Он вперил в Володю огненный взгляд.
— Я не знаю. Я тогда не жил, — признался Володя.
— Сей ответ невразумителен. О Полтавском бое много в книгах написано, — сказал Петр и встал.
Зеленый камзол обтягивал его мощные плечи. Он был грозен. Круглые, выпуклые глаза сверкали гневом.
— Я знаю, как Пушкин описывал Полтавскую битву, — в смятении отступая перед Петром, оправдывался Володя.
— Говори! — приказал Петр.
…Но близок, близок миг победы.
Ура! Мы ломим, гнутся шведы.
О славный час! О славный вид!
Еще напор — и враг бежит.
Петр опустил на плечо Володи широкую ладонь и захохотал:
— Надо обсудить на собрании!
Но это говорил уже не Петр, а отец, который сидел на Володиной кровати и тряс его за плечо:
— Вставай, поднимайся, рабочий народ!
— Какое собрание, папа?
— Семейный совет. В приемной изобретателя Новикова состоится торжественное заседание.
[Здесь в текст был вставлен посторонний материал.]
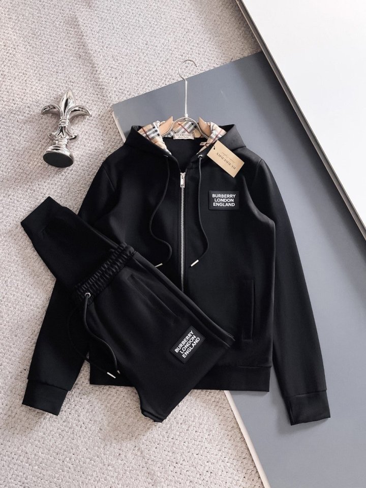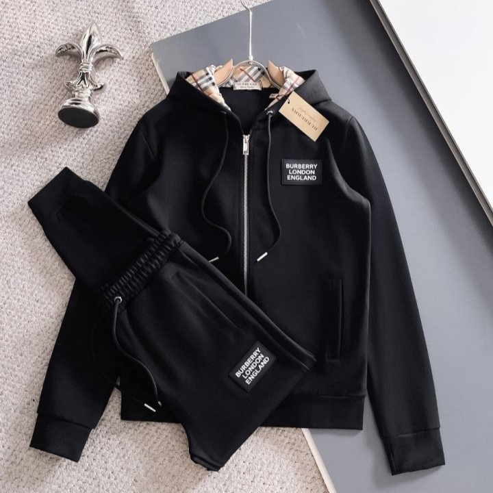 버버리 후드체크 트리밍 코튼 팬츠 세트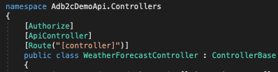 }That's it! You have now enabled AD B2C authentication in your Api. You'll see that we still have a commented out line in the Get method here: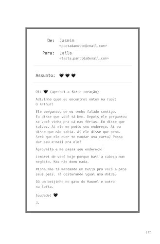 Em meio a surpresas e transformações, você vai acompanhar a jornada de duas garotas que estão descobrindo o que é crescer e como a amizade é capaz de tornar qualquer cenário mais acolhedor. Ao abrir das cortinas, vamos conhecer a história de Laila e Jasmim. Duas garotas de onze anos que, como outras tantas garotas de onze anos, gostam de pizza e de bater papo. Duas meninas únicas e especiais. Laila gosta das jujubas verdes, e Jasmim, das amarelas. Laila não pensa em besteira ou em coisas ruins, é rata de biblioteca e atleta consagrada. Jasmim adora escrever poemas, toma café puro — dois dedos, sem leite nem açúcar — como o pai. Duas grandes amigas que terão de aprender a lidar com a distância, morando em cidades diferentes. Laila tem o mar, os livros e o gato Manoel. Jasmim tem a montanha, a poesia e o teatro. Laila e Jasmim têm uma à outra — perto ou longe — e estão aprendendo, dia a dia, a viver histórias, lembranças, amores, perdas, aromas e sonhos.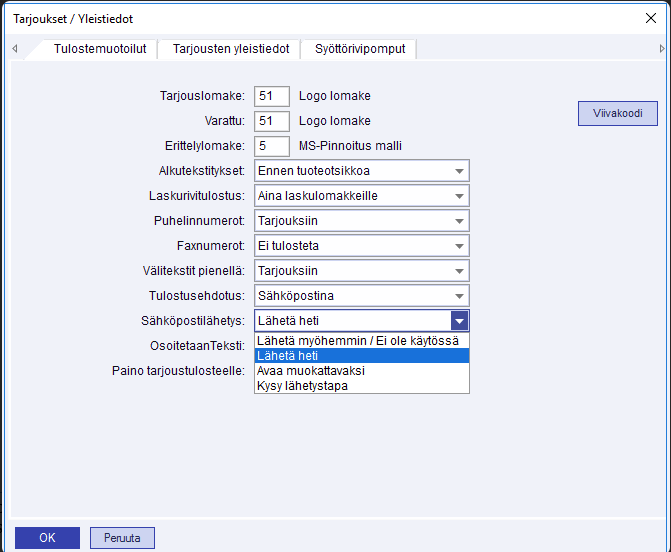Valinnalla Tulostusehdotus määritellään, onko tarjouksen oletustulosteena paperituloste vai sähköpostiin vienti. Valinnalla Sähköpostilähetys määritellään sähköpostin lähetysasetukset.

Прошу вас, граждане! Мамаша, займите место в президиуме.
Володя живо вскочил, оделся и, войдя в комнату к отцу, застал накрытый стол, пирог и цветы.
Обычно они обедали и завтракали в кухне: там было уютно и бабушке удобней — не надо далеко ходить от плиты.
В комнате стол накрывался по праздникам. Праздник?
Бабушка разливала чай и, что-то зная, посмеивалась:
— Павел Афанасьевич! Начинай заседание. Речь говори. Веселые вести про себя не таят.
Вести были, правда, веселые: отец получил за свое изобретение премию.
Володя любил, когда отец радовался. В доме становилось беспечно и шумно.
Бабушка доставала из буфета графин с темной наливкой, разливала по рюмочкам себе и отцу, они чокались, и бабушка, едва глотнув вина, начинала смеяться и говорить добрые, ласковые слова:
— Уедете к синему морю, на горячее солнце. Там по берегу камушки лежат. Волна день и ночь лопочет. Я помоложе была — тоже ездила к морю. Фабком отдыхать посылал.
— Бабушка! Почему ты про море вспомнила? — удивился Володя.
— Предстоит нам совершить путешествие, сын! — торжественно объявил отец. — Разбогатели мы с тобой. В кубышку класть деньги не в нашем характере. В Крым собирайся.
Позавтракав, отец побежал на завод. На днях он уходил в отпуск.
Бабушка, выпив с отцом наливки, села к окну вязать чулок и, свесив голову на грудь, заснула.
Володя остался один. Он весь день боролся с собой: побеждал, сдавался и опять побеждал…
К вечеру отец принес из магазина две пары сандалий — себе и Володе, две тюбетейки, белые брюки.
Бабушка щупала обновки и похваливала:
— Володюшка, мил человек, иди примерять!
Отец любовался сандалиями, щелкал пальцем в подошву, сгибал:
— Прочны! Такие и надо. И те, пожалуй, прошаркаем по камням, Володька, с тобой. А?
— Папа! Бабушка! Я не поеду, — потупясь, ответил Володя.
Отец как держал в руке сандалию, так и остался сидеть с ней, в недоумении глядя на Володю.
— Володюшка! — ахнула бабушка. — Пробросаешься такими подарками!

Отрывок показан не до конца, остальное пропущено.